Noting the significance of the purchase for the Chinese car company, Prof Ding explained that the key lies in whether Dongfeng can give full and effective play to its rights as a shareholder, and push Peugeot Citroen to shift its focus to emerging economies. An added challenge is whether Dongfeng can incorporate Peugeot’s core technologies into its own operations and that of its joint ventures. To do this, Dongfeng has to think long and hard about the stance and interests of the various parties concerned: including the French government, trade union and the board of directors. Prof Ding pointed out that France is, traditionally, a country that believes in mercantilism and even in private family businesses, the government still has tremendous influence. Even within the new board, some believe it will be difficult for Citroen to turn a profit, and the jury is still out on whether Dongfeng can obtain Citroen’s technologies.

Speaking in his capacity as Director of CEIBS’ Research Centre on Globalisation of Chinese Firms, Prof Ding also explained the reason for Chinese firms’ frenzy of overseas acquisitions. Since its launch in February 2013, the Centre has found that Chinese enterprises have now hit a developmental bottleneck with the ageing of China’s population, the rise in labour costs, and the appreciation of the RMB. The profit margin in low-end markets, once enjoyed by China’s enterprises, has been squeezed and many companies are looking for new ways to turn a profit. They are now looking overseas for better resources, technology and established brands. This is quite different from the transnational companies rooted in developed countries, as they have been infiltrating other markets with their mature technology and brands. There is greater risk in China’s model than in the market-driven acquisitions by Western companies, hence the greater difficulty of management.

Last June, Prof Ding paid close attention when CEIBS alumni enterprise Jinsheng Group (Jiangsu) purchased all the equity and assets of Oerlikon Group’s natural fibre and textile component business. He witnessing both the collaboration and clashes between the Chinese and Western management teams during the integration process. Prof Ding pointed out that in these deals the foreign and Chinese companies’ expectations of the acquisition are usually different: foreign companies are mostly negative about the old company’s growth prospects, while Chinese companies expect a “pie to cake” transformation, and their hope of realising this transformation lies in China, where they have both the capital and the market. If Chinese companies can combine these two advantages (capital and market) with the management abilities of foreign companies, the corporate value will manifest itself with a better and larger Chinese market, while other markets can be kept from dwindling.

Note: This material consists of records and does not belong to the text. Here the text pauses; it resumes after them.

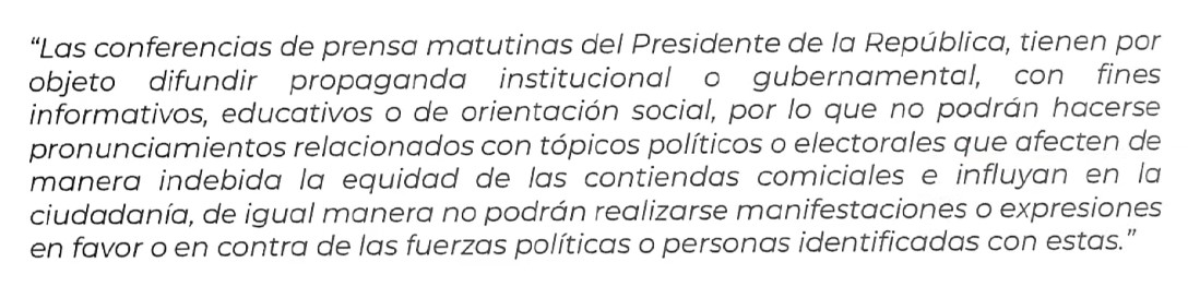 “Están ahora pidiéndonos que pongamos un letrero antes de comenzar la conferencia que diga : ‘las conferencias de prensa matutinas del Presidente tienen por objeto difundir propaganda gubernamental, institucional o gubernamental, con fines informativos o de orientación social, por lo que no podrán hacerse pronunciamientos relacionados con tópicos políticos o electorales que afecten de manera indebida la equidad de la contienda comicial e influyan en la ciudadanía, de igual manera no podrán realizarse manifestaciones a favor o en contra de las fuerzas políticas o personas identificadas con éstas”.
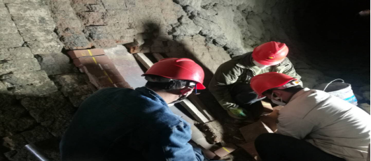 窯磚緊固。加塞,在轟鳴的風(fēng)鎬聲中,夾雜著(zhù)交替起落的敲擊聲,工友們,正頂著(zhù)滿(mǎn)面的塵灰完成作業(yè)。
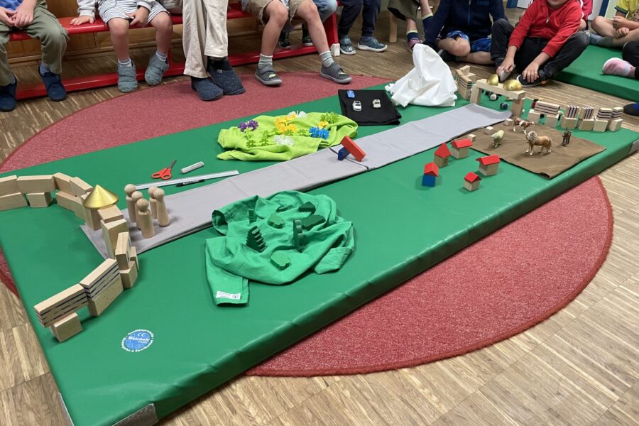 Unser Motto für 2018/19 lautet: „Hier und dort- ich und mein Ort“. Den Spielkreis als Ausgangspunkt nehmend, erkunden wir unsere Umgebung und nehmen alles unter die Lupe. Wo kommen unsere Brezen her? Wer löst den Feueralarm aus? Wer mäht den Schulhof? Wo kann Mama ihr kaputtes Auto hinbringen und wo kommt die wunderschöne Musik in der Kirche her? Wie lange gibt es unseren Ort eigentlich schon und was ist denn überhaupt ein Ort? Das ist da, wo wir uns wohl fühlen und zuhause sind.
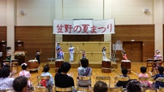 前日までは晴れていたのに,この日は雨模様。笠野の夏まつりは,昨年に引き続き,本校の体育館で行われました。17時30分に開会。まだまだ子供たちの出番には時間があります。外の縁日コーナーからは,おいしい香りが漂ってきています。時間も時間です。少し早い夕食をいただきました。第2部「伝統文化発表」は,18時50分に始まりました。はじめは笠谷保育園有志2名による「わらしっこ太鼓」でした。次が,笠野小学校有志8名による「笠野こどもデンデコ太鼓」。とっても迫力があり,圧倒されました。これまで指導してくださった七黒先生,祭笛を手伝ってくださった廣瀬さん,その他,お世話くださった皆様,ありがとうございました。
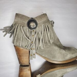 -Details: Step out in style in a fringed short bootie with concho and metal detailing.
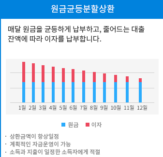 원금균등분할상환이란 대출원금을 대출 기간 동안 일정한 금액으로 상환하는 방법으로 이자는 줄어든 원금에서 계산하기 때문에 원금을 갚을수록 이자비용이 줄어든다는 장점이 있습니다.
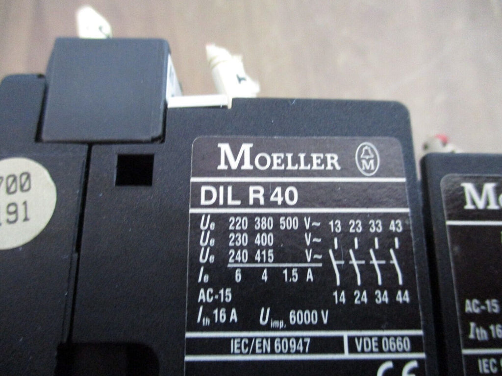 Moeller Contactor DIL R40 120V Coil 15A 600V w/ Aux Contact Block Used Condition: UsedBrand: MoellerCoil Voltage: 120 VMPN: DIL R40Maximum Amperage: 15 AType: Definite Purpose Contactor Moeller Contactor DIL R40 120V Coil 15A 600V w/ Aux Contact Block Used Moeller Contactor Part #: DIL R40 120 V Coil 15 A 600 V w/ Aux Contact Block Used Loc: 18I2-52 Moeller Contactor Part #: DIL R40 120 V Coil 15 A 600 V w/ Aux Contact Block Uséd Loc: 18I2-52
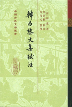 数多くの韓愈文集の中、桐城派文人馬其昶(1855-1930)が、明清の未公刊の抄本や手稿を含む様々な韓愈文集の版本を参照し、文字訓詁・名物制度・史実疏証などの面から韓愈のすべての文章に校正・標点・勘誤を加え、古典文学研究家馬茂元(1918-1989)の整理をも経た本書は、最も優れたものとして高く評価されている。「文集」(8巻)、「文外集」(2巻)、「遺文」(1巻)、「集伝」(1巻)、「附録:集外文」(3篇)から構成。『中国古典文学叢書』の1点。
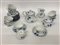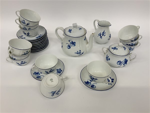 Manifattura Richard Ginori, servizio da tè in porcellana composto da dodici tazze con piattini, zuccheriera, lattiera e teiera, decoro floreale monocromo blu (difetti)
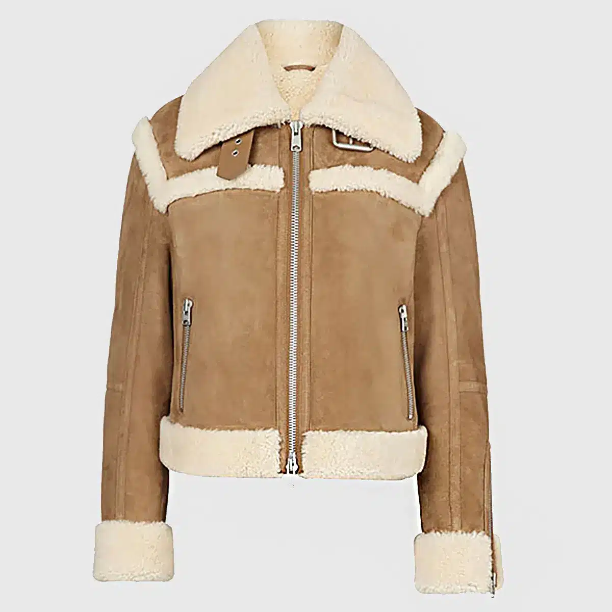 Vickie Women’s Brown Shearling Suede Aviator Jacket
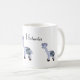 White alpaca doll with variegated blanket. Three images ranging from large on left to smallest on right. Personalize name at top.
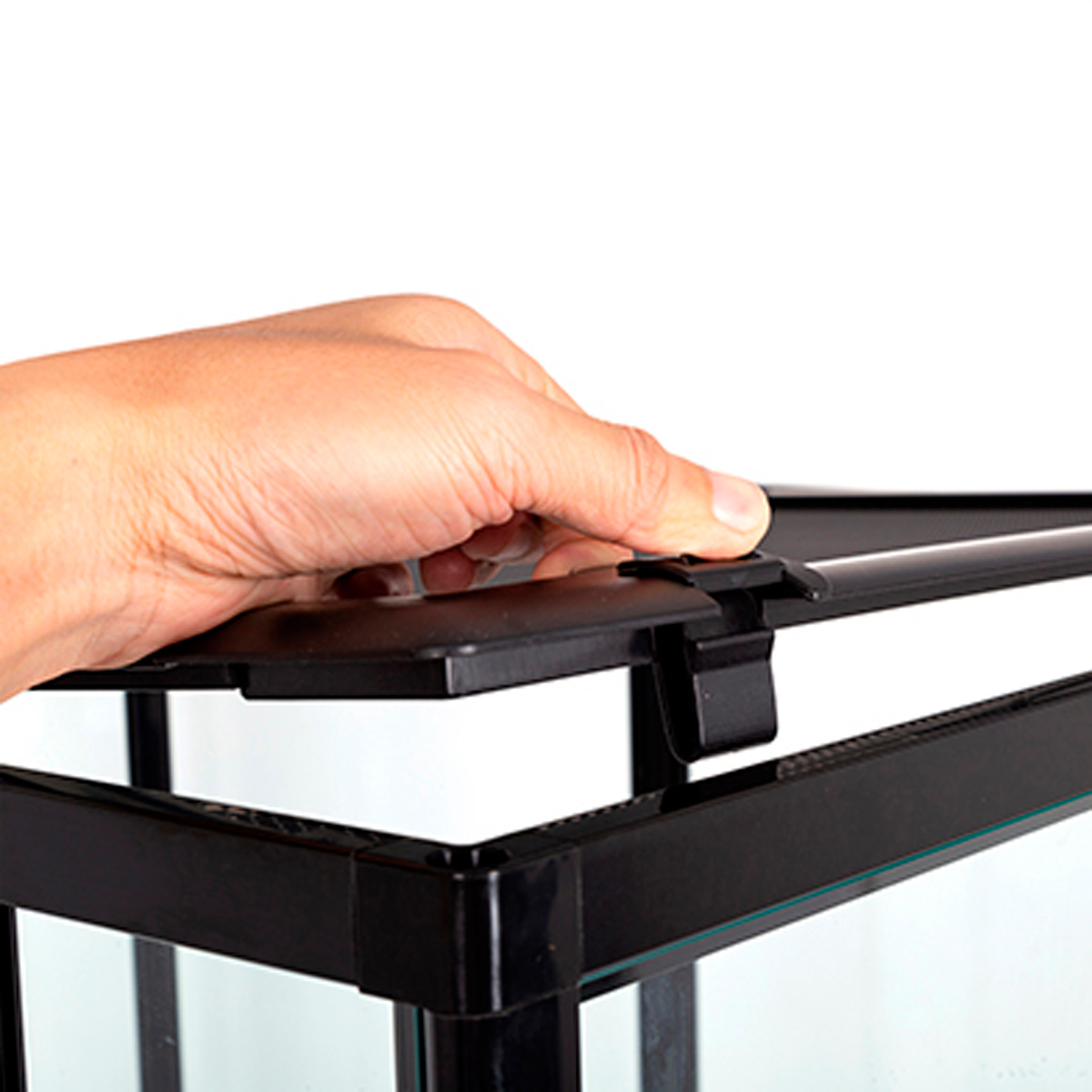 Läpinäkyvät lasiovet mahdollistavat vaivattoman tarkkailun, kun taas musta kehys antaa terraariolle modernin ja viimeistellyn ilmeen. Huolellisesti suunniteltu rakenne ja kattava lisävarustepaketti tekevät kokoamisesta helppoa ja sujuvaa.
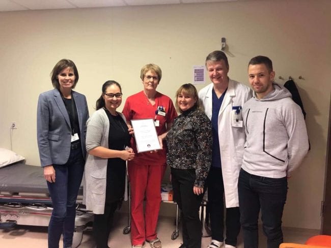 Áður en fulltrúar sjóðsins gáfu gjafir til Glerárskóla var komið við á göngudeild SAk og henni gefin meðferðarstóll að verðmæti 830.000 kr. en Baldvin dvaldi á göngudeildinni í sinni meðferð á sínum tíma.
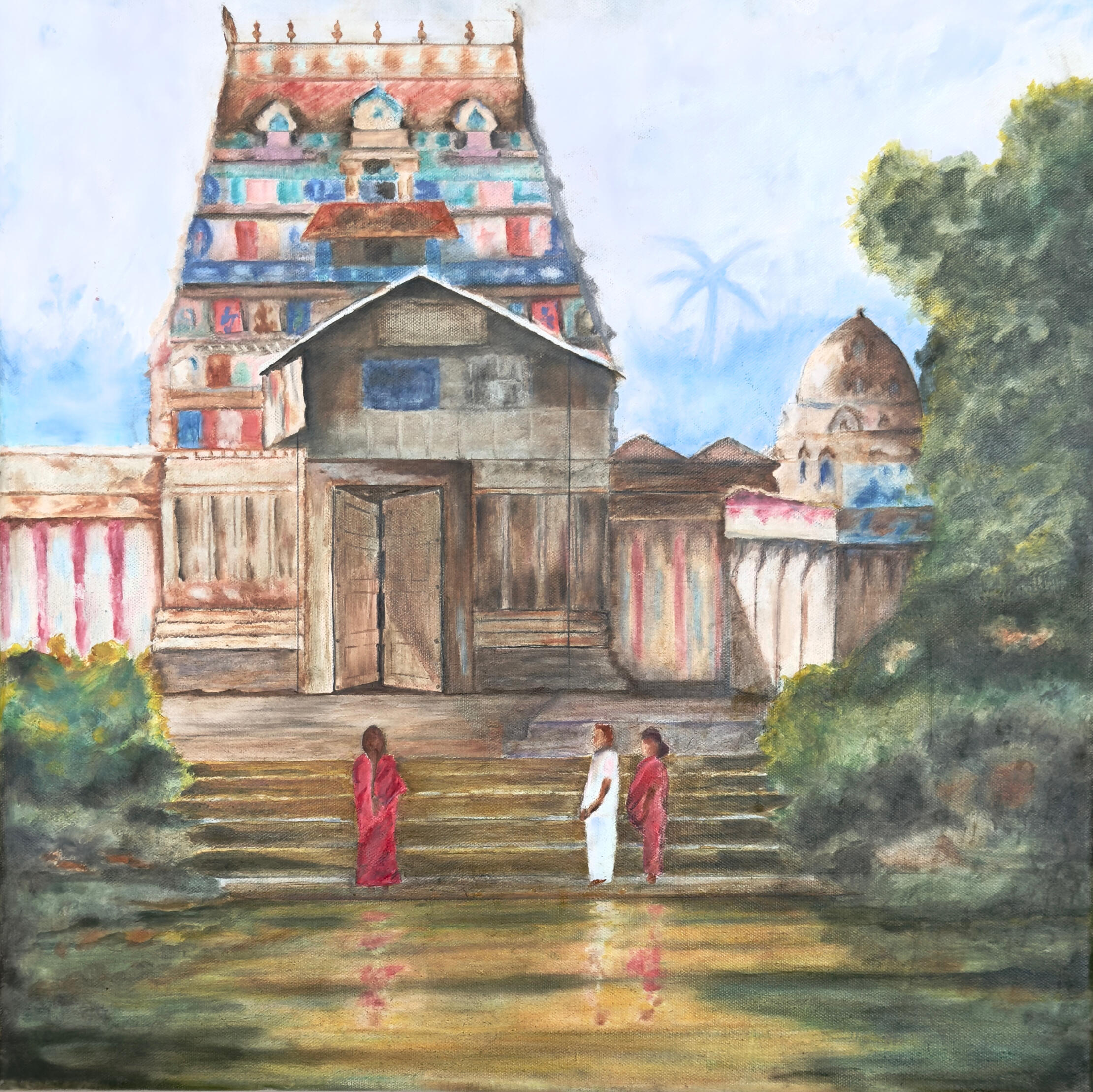 This painting captures a temple courtyard where tradition, light, and everyday devotion come together in a moment of calm presenceFaith woven into the rhythm of everyday life!Oil on Canvas 20x20 in
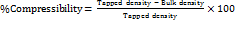 The sample was transferred in to a 10 ml graduated measuring cylinder. Then cylinder was tapped manually by raising the cylinder and allowing it to drop under its own weight. Cylinder was tapped for 100 times and tapped volume was measured. The test was repeated thrice (n = 3). Tapped density in g/cm3was calculated by the following formula:
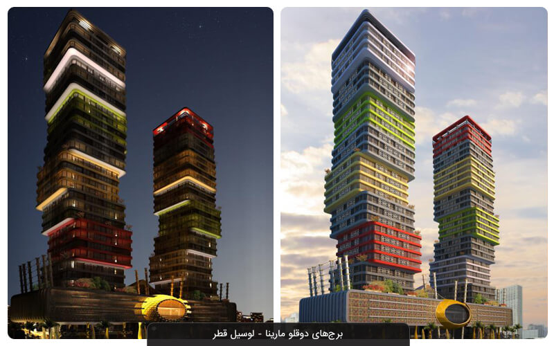 برجهای دوقلو مارینا، واقع در شهر نوساز لوسیل قطر، به عنوان نمادی از معماری مدرن و خلاقانه، چشم هر بینندهای را خیره میکنند. این سازههای بلندمرتبه، با طراحی رنگارنگ و منحصربهفرد خود، گویی بلوکهایی مجزا از دل سازه بیرون زدهاند، و با ارتفاع و ساختار خاص خود، جلوهای ویژه به خط افق لوسیل بخشیدهاند.
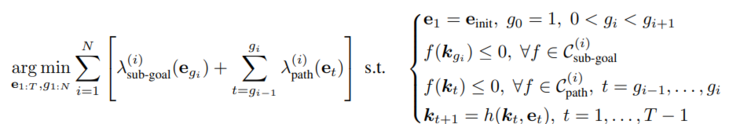 对于每个阶段,优化算法需要找到满足子目标约束的末端执行器姿态,以及实现这些子目标的路径。
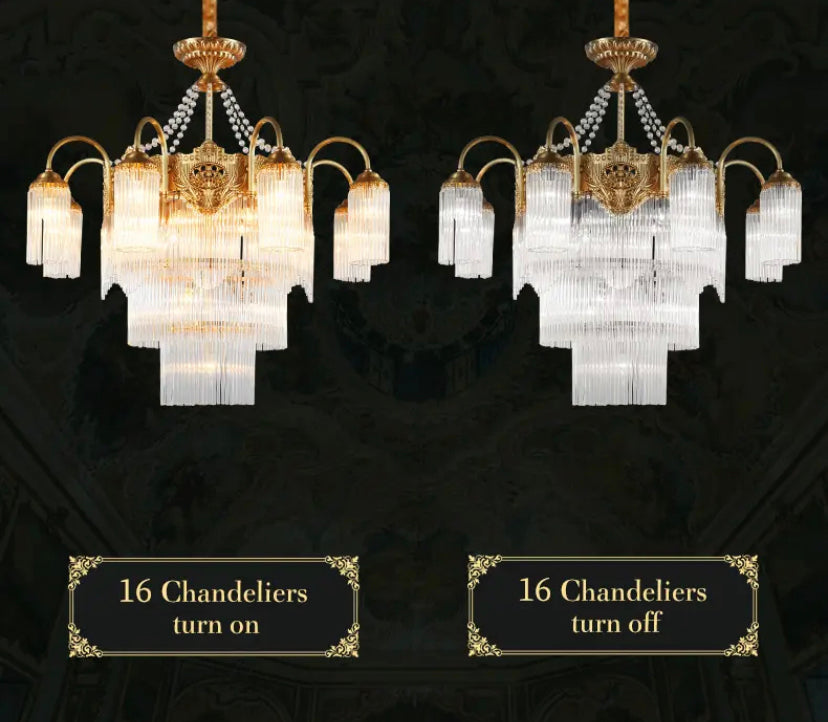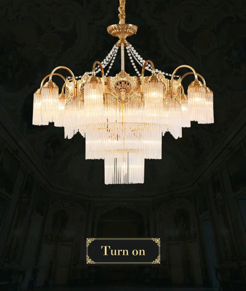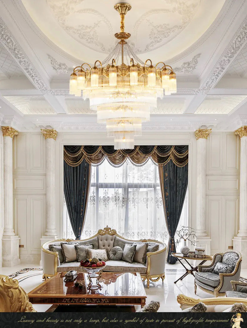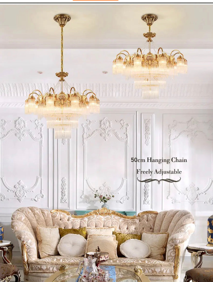 Transform your living space into a luxurious European villa with our Italian Living Room Luxury Brass Chandelier. Exquisitely designed with copper body and crystal shades, this chandelier adds elegance to any home or office. Enjoy the benefits of energy-efficient LED lighting and a 4-year warranty. Assembled in France for top-notch quality.

In summarising the successes and failures of China’s overseas acquisitions, Prof Ding noted that one major reason for failure is Chinese companies’ traditional focus on visible assets coupled with their ignorance of invisible assets. This occurs not only at the corporate level, but also at the level of financing, etc. Another factor is Chinese companies’ lack of experience in running multi-cultural transnational companies, an issue that can only be resolved over time and with patience. The key to success, he said, is “choosing the best” – forging a culturally transparent team among the newly formed company, with all participants having common interests and objectives. One example of a deal that worked, he said, was the collaboration between ICBC and South Africa’s Standard Bank.